August 09, 2019

Gravediggaz "Six Feet Deep" (August 9, 1994)


Looking at it with rear-vision goggle it seems like the first Gravediggaz record would have been jocked unanimously when it hit in 1994. Just check it out on paper: produced by legendary super-producer and imagineer Prince Paul, joined by RZA, the late, great Poetic, and Stetsasonic heavyweight MC Frukwan. But it wasn't that way at all. In fact, when Paul first got this quartet together it was the exact opposite experience. "We were a bunch of misfits," Paul recalls... "It was a time when I felt like I had to prove myself, and I felt like I had to help the other guys prove themselves. People thought I had fallen off." The first spark for the Gravediggaz began in early 1992, after Paul's Dew Doo Man Records label fell through and after the luster for De La Soul's daisy age had, sadly, lost some shine in the public's eye. Paul started making "all these dark, sad, slow tracks. I knew I couldn't MC, so I needed to find some guys." (Too) Poetic was called first, since Paul had already been talking to him, hoping to sign him to Dew Doo Man. Poetic had been dropped from Tommy Boy previously, after recording an album that never saw the light of day. Next was RZA, another Tommy Boy reject. Finally, Paul called upon Frukwan (aka Fruitkwan), an old associate from the way-back days in Paul's first crew of note: Stetsasonic. The Gravediggaz name was agreed upon and the concept fit quite easily over Paul's macabre sounds. A death-defying demo was done by late 1992, but "I shopped that demo for a year and nobody would bite," Paul says. "It was literally a week before the time I was going to give up and John Baker at Gee Street came through." Cont'd...

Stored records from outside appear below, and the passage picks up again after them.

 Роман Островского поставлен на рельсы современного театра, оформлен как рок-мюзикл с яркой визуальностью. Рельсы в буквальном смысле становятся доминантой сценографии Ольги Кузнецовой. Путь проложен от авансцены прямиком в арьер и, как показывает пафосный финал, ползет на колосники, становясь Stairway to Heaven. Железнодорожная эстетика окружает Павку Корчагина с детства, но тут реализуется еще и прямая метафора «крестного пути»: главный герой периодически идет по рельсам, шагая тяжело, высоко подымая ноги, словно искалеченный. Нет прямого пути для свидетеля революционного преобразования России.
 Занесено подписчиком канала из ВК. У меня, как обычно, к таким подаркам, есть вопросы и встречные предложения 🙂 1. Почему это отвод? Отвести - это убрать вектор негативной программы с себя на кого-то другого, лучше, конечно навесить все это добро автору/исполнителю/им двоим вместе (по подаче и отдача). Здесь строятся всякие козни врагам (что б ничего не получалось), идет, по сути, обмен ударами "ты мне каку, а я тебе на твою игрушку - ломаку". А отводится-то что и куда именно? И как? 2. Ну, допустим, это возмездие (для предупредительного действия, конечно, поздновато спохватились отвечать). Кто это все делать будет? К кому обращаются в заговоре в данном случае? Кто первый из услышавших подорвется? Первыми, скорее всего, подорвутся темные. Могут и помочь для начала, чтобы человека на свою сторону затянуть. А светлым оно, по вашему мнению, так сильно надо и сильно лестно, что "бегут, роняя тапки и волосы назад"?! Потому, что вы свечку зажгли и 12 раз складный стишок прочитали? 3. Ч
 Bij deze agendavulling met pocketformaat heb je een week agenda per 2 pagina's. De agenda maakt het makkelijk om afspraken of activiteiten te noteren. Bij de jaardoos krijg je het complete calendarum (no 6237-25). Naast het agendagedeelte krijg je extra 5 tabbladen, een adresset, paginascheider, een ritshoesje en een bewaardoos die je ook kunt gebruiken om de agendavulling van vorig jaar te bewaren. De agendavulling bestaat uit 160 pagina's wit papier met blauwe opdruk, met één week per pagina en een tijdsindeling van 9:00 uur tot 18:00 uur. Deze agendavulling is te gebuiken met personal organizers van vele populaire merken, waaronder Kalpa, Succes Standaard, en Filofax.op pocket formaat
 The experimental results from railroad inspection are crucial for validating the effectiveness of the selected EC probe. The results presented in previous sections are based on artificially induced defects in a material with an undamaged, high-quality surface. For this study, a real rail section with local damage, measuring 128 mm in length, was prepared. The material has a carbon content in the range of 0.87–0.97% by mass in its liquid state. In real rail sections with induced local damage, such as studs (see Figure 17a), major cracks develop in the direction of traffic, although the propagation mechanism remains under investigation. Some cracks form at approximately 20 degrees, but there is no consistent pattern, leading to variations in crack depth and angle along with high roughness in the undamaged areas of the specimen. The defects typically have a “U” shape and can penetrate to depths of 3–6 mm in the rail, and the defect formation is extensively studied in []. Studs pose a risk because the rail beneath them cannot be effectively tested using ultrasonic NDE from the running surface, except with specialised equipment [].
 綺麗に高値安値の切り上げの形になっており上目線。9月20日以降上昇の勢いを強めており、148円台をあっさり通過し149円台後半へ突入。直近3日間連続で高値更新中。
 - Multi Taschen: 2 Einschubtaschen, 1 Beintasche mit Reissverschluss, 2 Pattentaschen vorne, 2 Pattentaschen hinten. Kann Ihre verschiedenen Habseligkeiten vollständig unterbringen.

Although the group was two years old by the time their brilliant, cadever-infested debut 6 Feet Deep came out in summer of 1994, a bit of serendipity helped these misfits to get more ears to their sound. In the convening years, a little group called the Wu-Tang Clan had blown up. RZA was the production mastermind behind Wu-Tang, but Gravediggaz was all Paul, and a point can most certainly be made that RZA's apprenticeship under Paul served him well in making Enter The 36 Chambers. But "when it came to Gravediggaz," Paul says, "RZA was more about lyrics" ... Paul continues, "People didn't know whether they should take it serious or whether we was buggin', or if it was a gimmick. Donahue or somebody back then wanted us on their show because somebody's son tried to commit suicide and they wanted to blame it on our record [1-800-SUICIDE]. He adds... "To me it was about the music and the rhyming." Over the past decade, the album has certainly gotten its due: "A lot of people still talk to me about that record today. And I'm like, "Wow, where were y'all 10 years ago when I was in tears, trying to figure out why people hated me?'" - Scratch, 2004.